Encoding files provide a mapping between either runlengths and symbols or variants and symbols. They are named according to runlength or variant, algorithm used, and by chromosome for HapMap data.
Predictions of compression efficiency are stored in the analysis directory. These predictions will combine the frequency data with symbol size (taken from the appropriate encoding file) to calculate the expected bit requirements for representing a sequence. Other calculations? Unlike the other files, these will attempt to integrate and summarize, so they will only be divided according to hapmap, mtdna_rcrs, and mtdna_consensus. Analysis of the donor data itself is also in this directory. The donor analysis files include such things as the total number of donors, average number of variants, and the expected space requirements in ASCII for donor files using the position-variant notation in a fasta formatted file.

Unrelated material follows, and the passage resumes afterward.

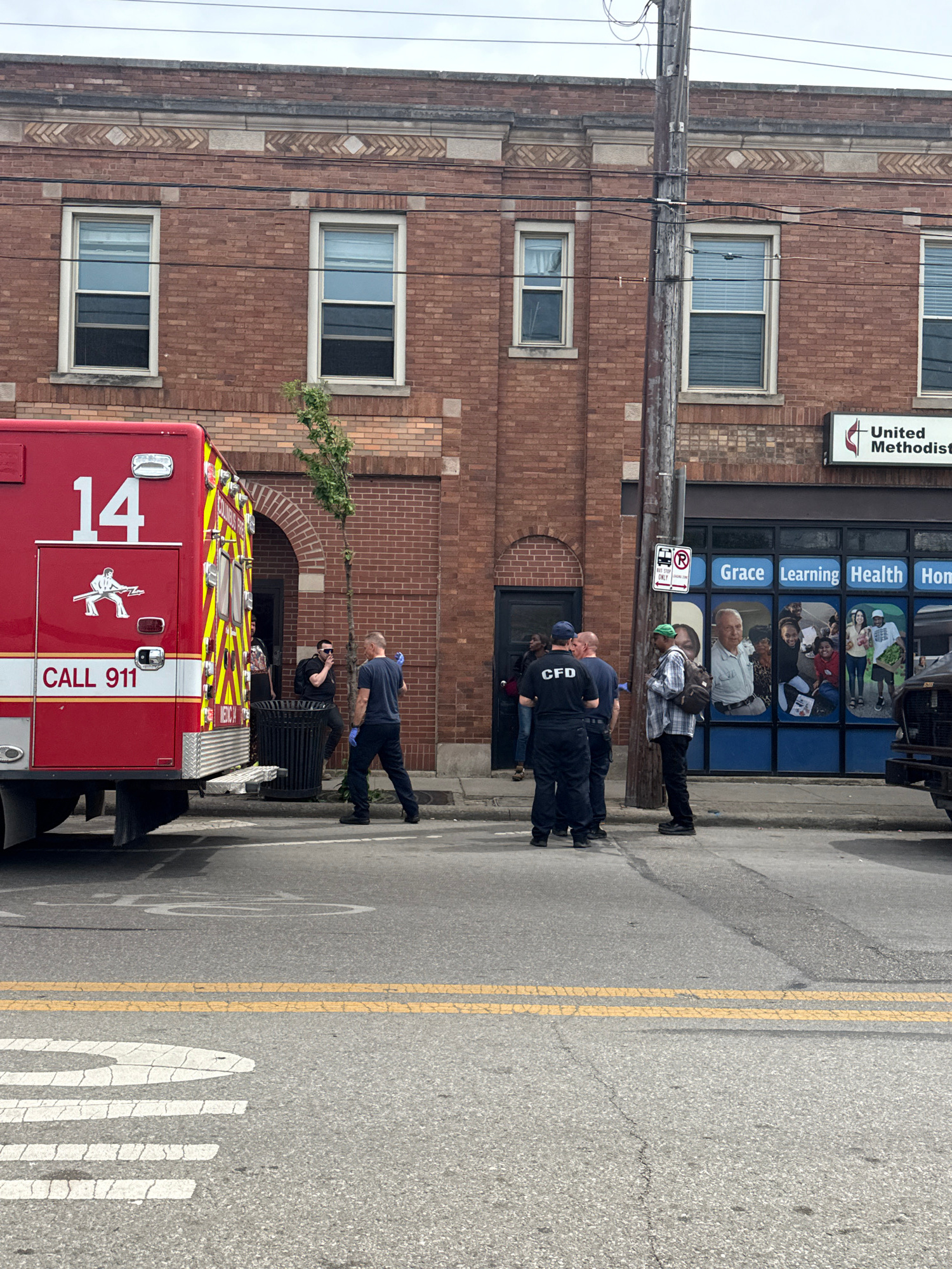 The image depicts an outdoor scene in Columbus, Ohio, specifically in front of a building housing the United Methodist Church. An ambulance, marked with the number 14 and "CALL 911", is parked on the…read more
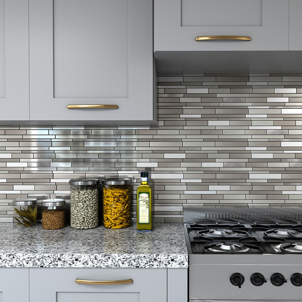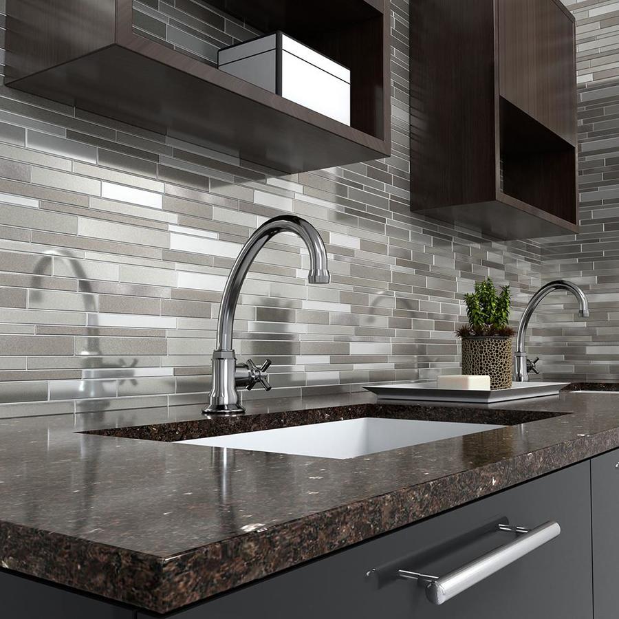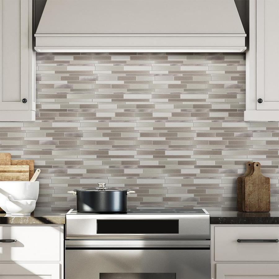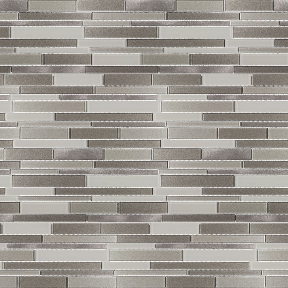 A sleek mosaic of crystal glass and metal in a linear pattern, this 12-in x 12-in tile brings shimmer and dimension to interior walls. The multi-finish beige and white palette delivers a modern accent ideal for kitchens, fireplaces, and backsplashes.

The reference directory will hold lists of position-variant files used as references. Each of these files will contain position-variant entries for all variable positions (non-varying positions are always assumed to be the same as the reference and ignored). The symbol in the position-variant entries will match that of the reference sequence represented by the file.
- There are three data sets from HapMap that look potentially useful: allele frequencies, geneotype frequencies, and genotypes. The allele and genotype frequency data are very close to what is needed, unfortunately they are not sufficient for computing runlength frequencies. It seems necessary to parse out the individual list of variants for each person reported in each file of the genotype data. This will put the data in the standard 'position-variant' format, so that runlength frequencies can be computed across all of the individuals.
- Have a simple interface to a framework of programs that will be needed and directories for the various data files. This will be bundled and made available for download.
- Each chromosome of the HapMap data is treated as an individual data set with its own set of DNA positions. To create runlength frequencies it is necessary to either stitch the chromosomes together and establish one comprehensive set of runlengths, or alternatively treat each chromosome as its own separate data set and create separate runlength encodings for each chromosome. Pierre did thought either way acceptable. Treating each chromosome individually seems to be a bit easier, though it makes the assumption that data is submitted for compression in the context of a particular chromosome (perhaps not really a limitation since that seems to be the current convention).
- Emailed Pierre and Doug plan to re-implement the software in a standalone perl program and to do the analysis for the Hapmap data set. Suggested to Pierre that we ask for an extension, but he'd like to see if we can finish in a couple of weeks and if needed ask for an extension.
- Paper rejected by Bioinformatics without major revisions. Spoke with Pierre:
- Software needs to be generally available. Perhaps it would work on a standard format file, such as a list of position and change.
- Look at compressing the hapmap data which follows the format above.
- Look again at the paper "Human Genome as an Email Attachment"
- Uploaded new sequence_stats file to the supplementary data. Removed the variant_stats file. Statistics on the variants is contained within the pages of the spreadsheets. Added link for downloading OpenOffice.
- Posted supplementary data here
. OpenOffice data files moved to this topic.
- Finished Golomb implementation in OpenOffice for both rCRS and consensus data sets. Sent summary to Pierre. Need to prepare supplementary data that would allow one to reproduce the results: list of Genbank #s, fasta files, notes about how the algorithms were implemented (runlength counts start at 1, M-values). Also implement Elias-Gamma encoding.